Source data:

________

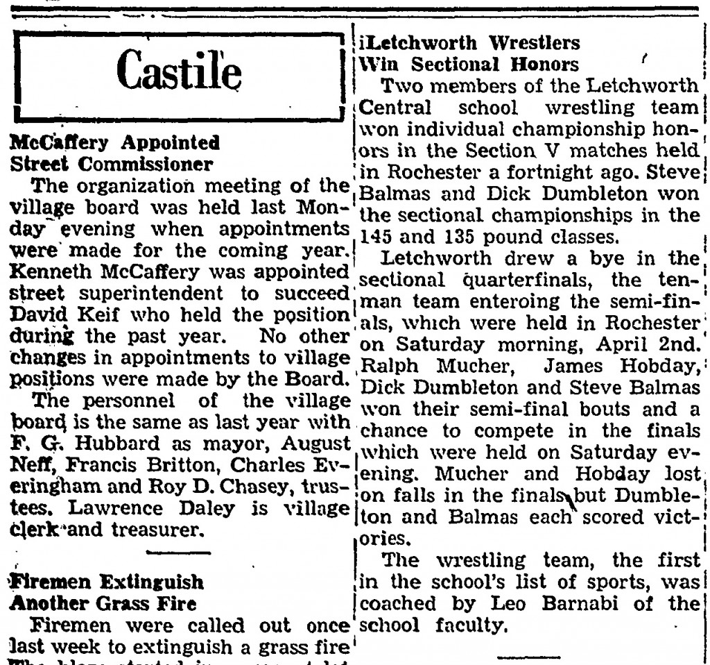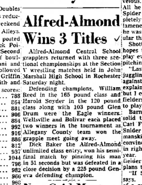 Geneva [NY] 4, Alfred-Almond [NY] 3, Bolivar [NY] 2, Wellsville [NY] 2, Letchworth [NY] 1,
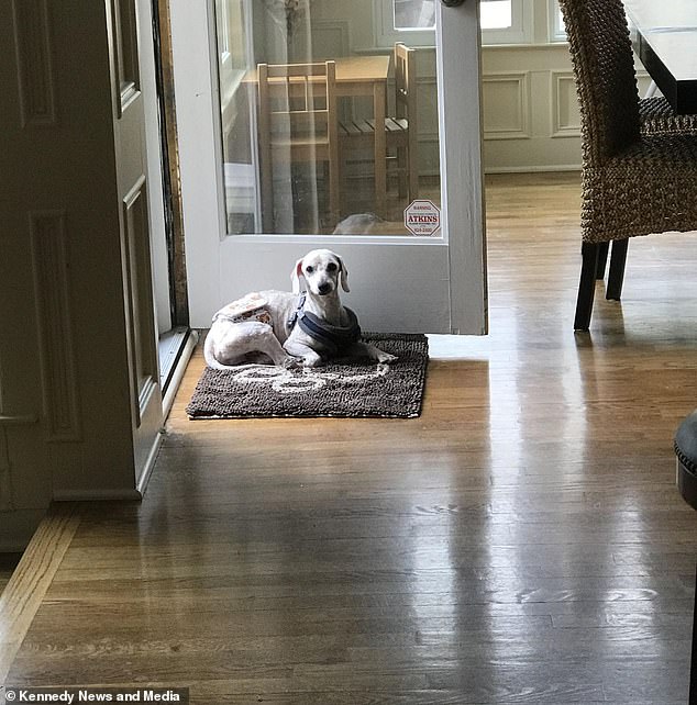 ▼Melissa說:「Jordan以前住的地方太糟糕了,牠根本不會躺下睡覺。」在Melissa的愛護下,Jordan逐漸好轉,「牠開始搖尾巴,也喜歡跟其他狗狗玩,有時候還學著牠們的樣子躺下。牠在慢慢進步,這讓我非常開心。」
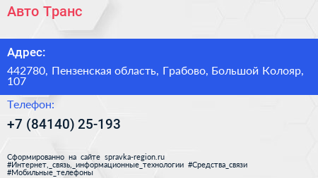 Авто-Транс по адресу 442780, Пензенская область, Грабово, Большой Колояр, 107 в дальнейшем Организация, размещена в следующих категориях:
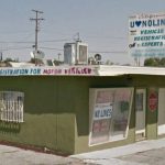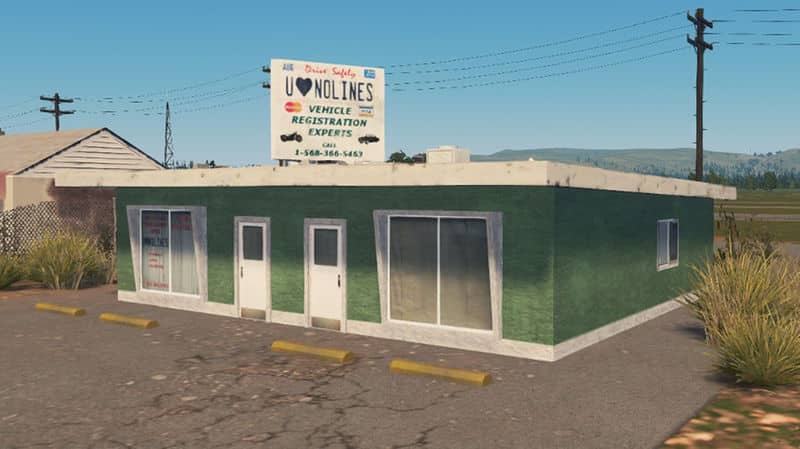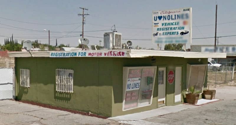 A grungy roadside commercial suite from the ’60s hosting a shady vehicle paperwork service.
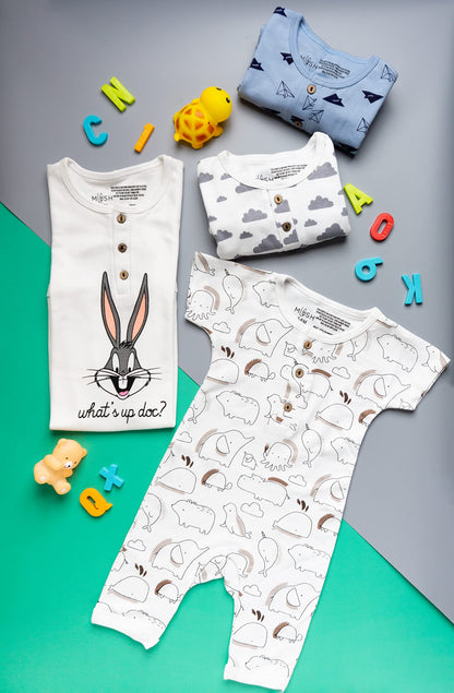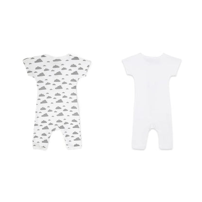 Introducing the Mush Ultra Soft Bamboo Unisex Short Sleeve Romper Combo Set, designed with love by Mush. This delightful pack of 2 rompers comes in charming colors - Stary Night and Daylight - perfect for your little one aged 0-3 months. Made from sustainable bamboo fabric, these rompers offer a plush texture that keeps your baby cozy and comfortable.
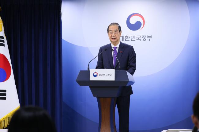 한덕수 대통령 권한대행 국무총리가 26일 서울 종로구 정부서울청사에서 긴급 대국민담화 발표하고 있다.
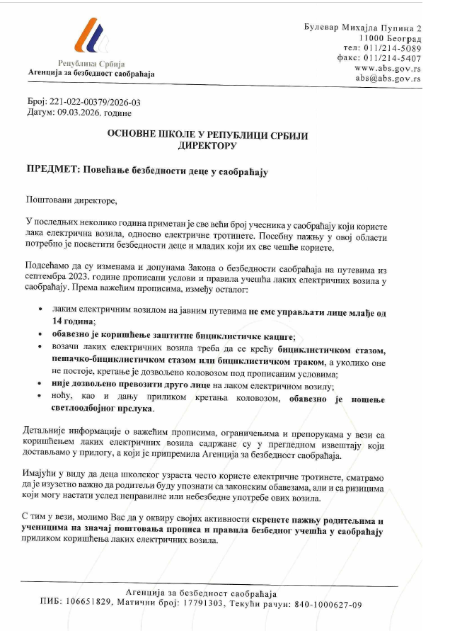 • ОБАВЕШТЕЊЕ ЗА БЕСПЛАТНЕ УЏБЕНИКЕ 28. март 2026.
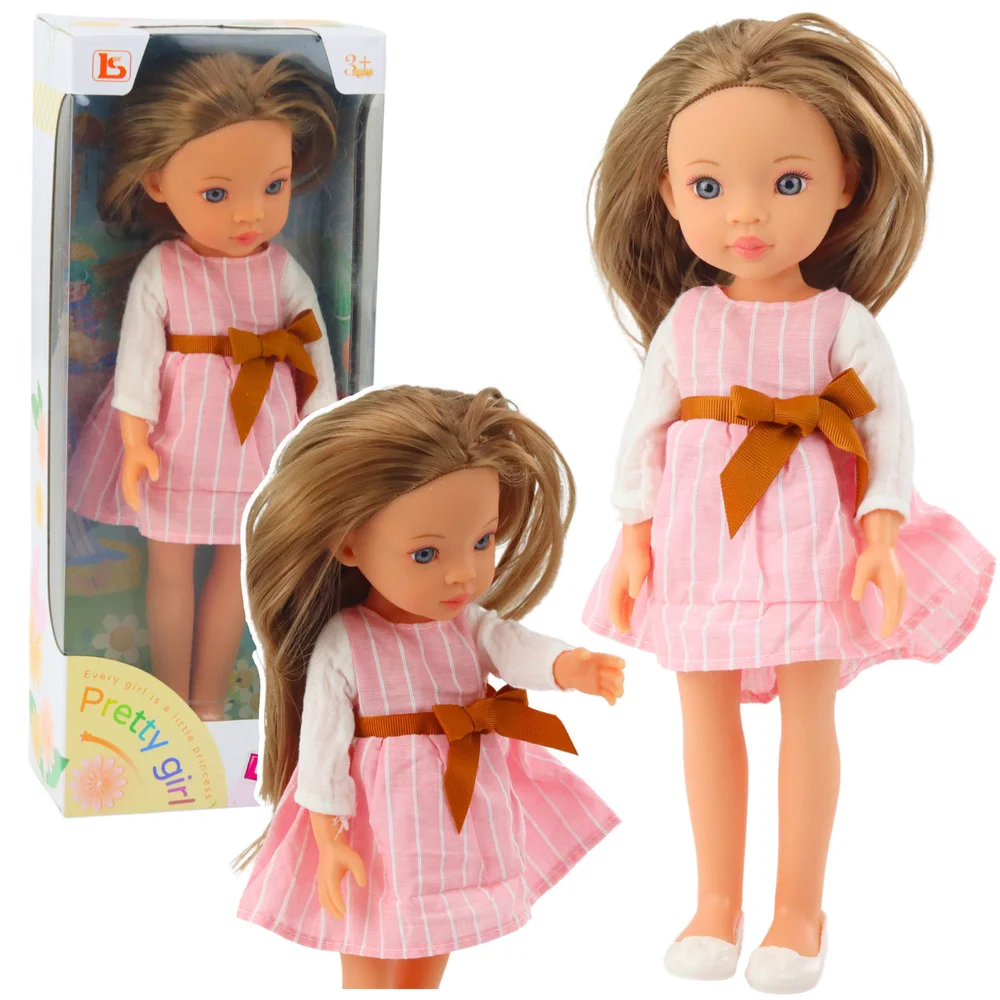 Lalka W Różowej Sukience z Kokardą Długie Brązowe Włosy

________

Your task: Pick up at the line that holds "한덕수 대통령 권한대행" and restate each line, word for word, through the last line of the entries. Include both end lines but none of the pictures.

Expected answer:
 한덕수 대통령 권한대행 국무총리가 26일 서울 종로구 정부서울청사에서 긴급 대국민담화 발표하고 있다.
 • ОБАВЕШТЕЊЕ ЗА БЕСПЛАТНЕ УЏБЕНИКЕ 28. март 2026.
 Lalka W Różowej Sukience z Kokardą Długie Brązowe Włosy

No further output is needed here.